Примерно тогда же, когда наркомвоенмор писал эти строки, сотрудник Наркомзема полагал: хлыстам и прочим сектантам «отводятся все совхозы за исключением тех, которые являются агробазами и нуждаются в особом охранении»[2341], то есть за исключением тех, которые специально предназначены для снабжения вооруженных сил и, таким образом, находятся в ведении Троцкого. Там он собирался размещать свои аграрные армии, воскрешавшие проект военных поселений ровно столетней давности. Но передача земли сектантам, считали в Наркомземе в 1921, является «одной из мер проведения в жизнь объявленных новых принципов экономической политики»[2342]. Рационалистический, гипер-просветительский идеал Троцкого[2343] был полярно противоположен экстатическим практикам сектантства, какими бы близкими коммунизму они ни казались некоторым из попутчиков. К тому же — в этом обычная ирония истории, одна из метонимий, какими она действует, — и земные интересы его ведомства столкнулись с сектантскими прожектами Наркомзема.

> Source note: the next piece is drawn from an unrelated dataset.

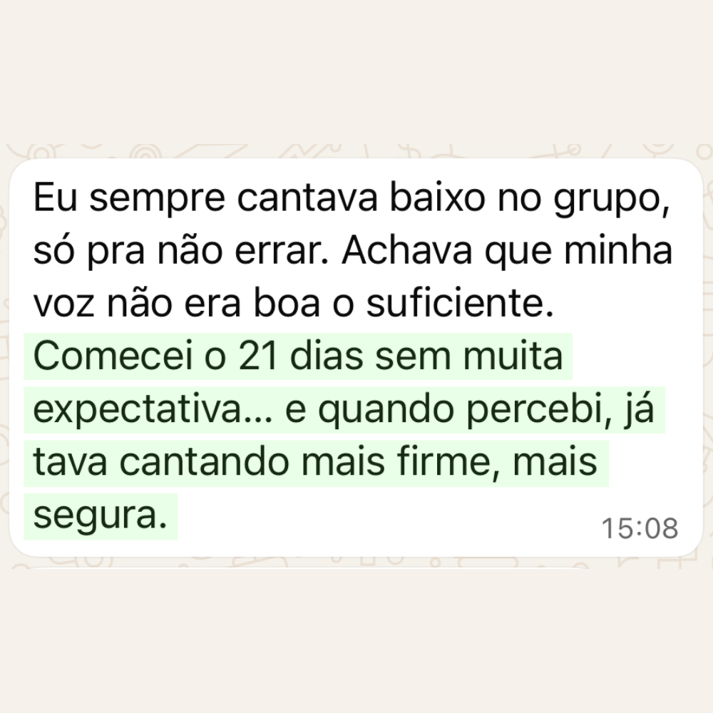 Exercícios simples que soltam a garganta e treinam o ouvido. Você termina a semana cantando. Não tentando.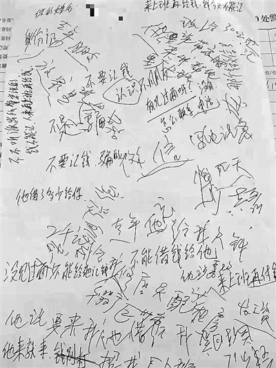 了解事情缘由之后,民警认为阿兵有诈骗的嫌疑,劝阻陈某先不要转账。“他说要来(找)我”,陈某这样在纸上写道,还把手机微信的聊天记录翻出来给民警看。

Много позже Бонч-Бруевич именно Троцкого обвинял в том, что Ленину пришлось расстаться со своей правой рукой в Совнаркоме. «Я […] должен был покинуть должность управляющего делами Совнаркома благодаря невероятной и подлой интриге, которую повели противники — Троцкий, Крестинский, Каменев и их политические друзья»[2344]. Согласно этой версии Бонч-Бруевича, при обыске в Госбанке в 1920 он обнаружил золото, припрятанное там Крестинским. В результате против него проголосовали в Оргбюро, так что ему, Бонч-Бруевичу, пришлось уйти против воли Ленина. Наверно, доля истины в таком объяснении есть. Прятали большевики золото друг от друга или нет, Троцкий скорее всего обвинял Бонч-Бруевича в «полухлыстовской перспективе на события», утвердившейся в самом центре власти. Министр обороны не зря спорил о хлыстовстве с модными писателями; ему приходилось доказывать в соседнем кабинете, что «революция не радение».
Обещания мобилизовать секты в поддержку революции, повторявшиеся со времен 2-го съезда, так и оставались невыполненными. За одно это Бонч-Бруевич должен был расстаться со своим местом. Он, однако, уже достиг необычайного успеха. Его двойная карьера этнографа и политика масштабна и уникальна. Он завоевал себе место не только в истории русской революции, но и в интеллектуальной истории. Вряд ли история этнографии, и вообще гуманитарной науки, знает много случаев столь тесного соединения политического лидерства со специальным знанием. Лишь закономерно, что именно в этом случае, когда знание было связано со столь большой властью, оно оказалось в такой же степени ложным.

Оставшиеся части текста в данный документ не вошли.